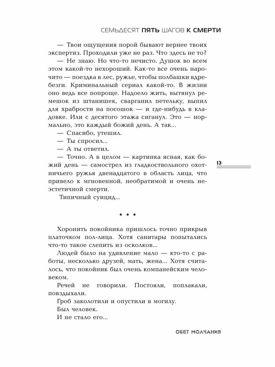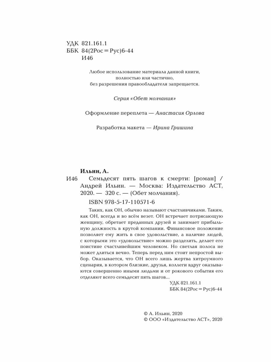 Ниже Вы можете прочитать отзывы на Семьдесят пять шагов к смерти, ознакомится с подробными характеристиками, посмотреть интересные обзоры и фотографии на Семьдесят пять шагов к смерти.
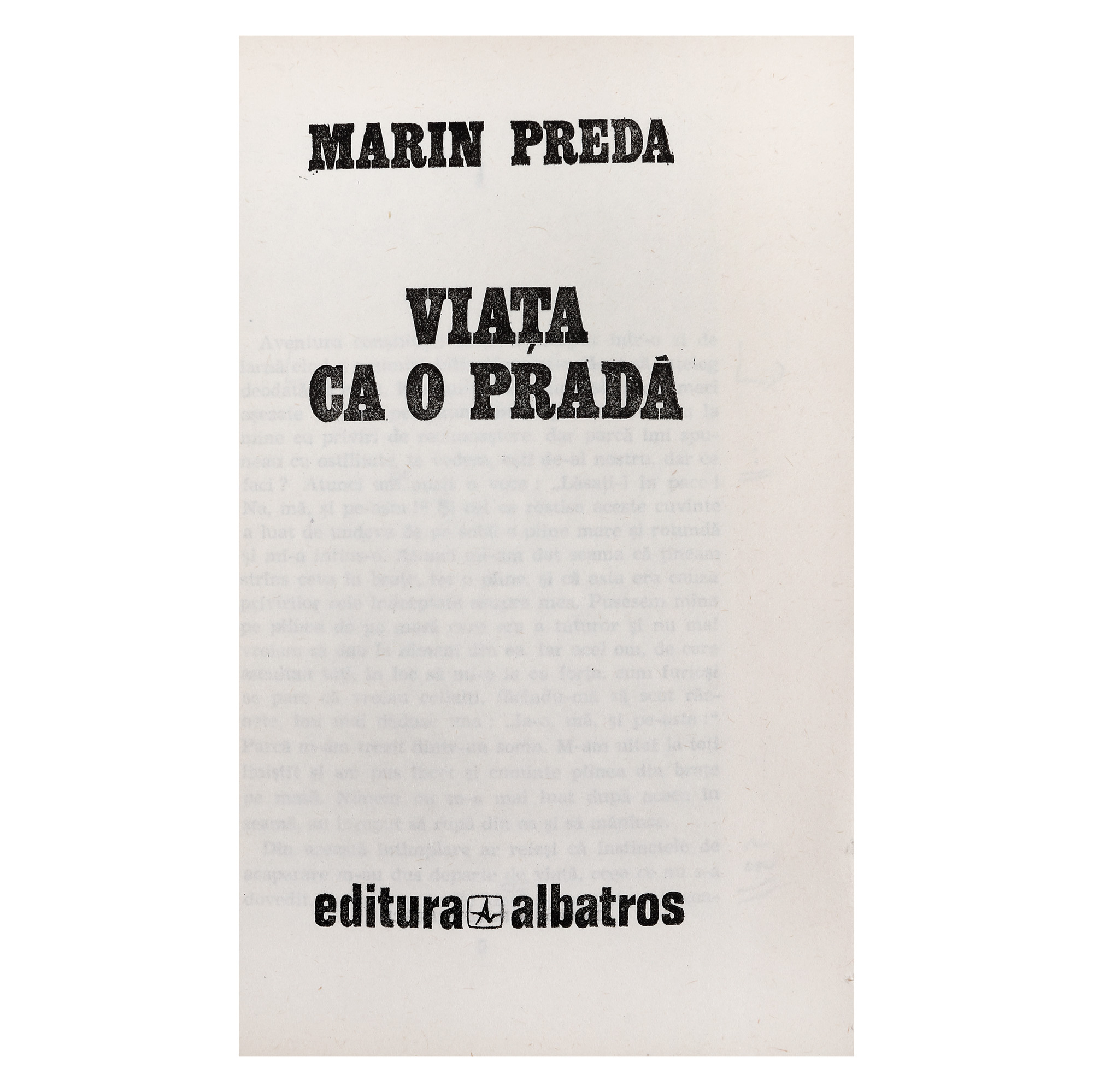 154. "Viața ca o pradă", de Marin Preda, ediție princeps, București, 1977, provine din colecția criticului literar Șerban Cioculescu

--

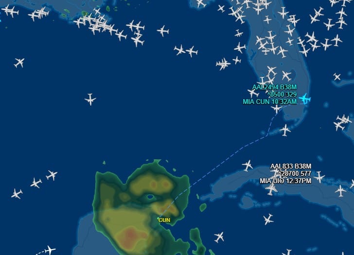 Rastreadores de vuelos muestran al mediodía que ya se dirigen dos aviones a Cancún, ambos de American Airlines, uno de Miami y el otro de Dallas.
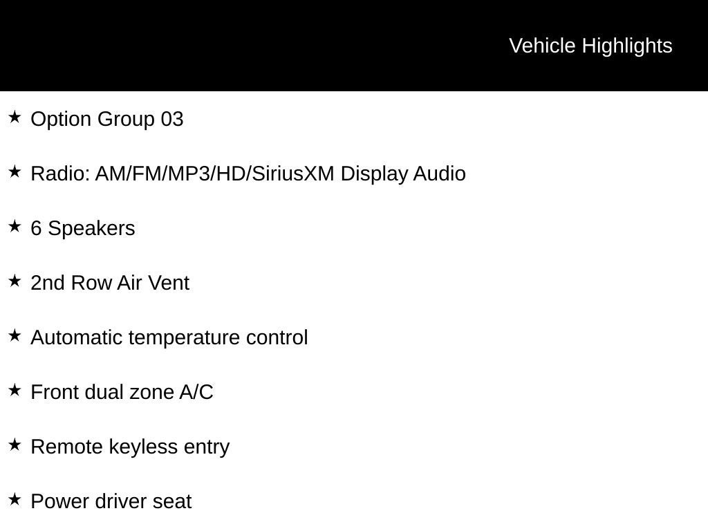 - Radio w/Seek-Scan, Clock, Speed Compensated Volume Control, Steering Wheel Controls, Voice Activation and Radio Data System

What you should do: What belongs in the answer is each line above from the line with "Rastreadores de vuelos" to the line with "- Radio w/Seek-Scan, Clock, Speed", inclusive, reproduced exactly and free of pictures.

Answer for the task:
 Rastreadores de vuelos muestran al mediodía que ya se dirigen dos aviones a Cancún, ambos de American Airlines, uno de Miami y el otro de Dallas.
 - Radio w/Seek-Scan, Clock, Speed Compensated Volume Control, Steering Wheel Controls, Voice Activation and Radio Data System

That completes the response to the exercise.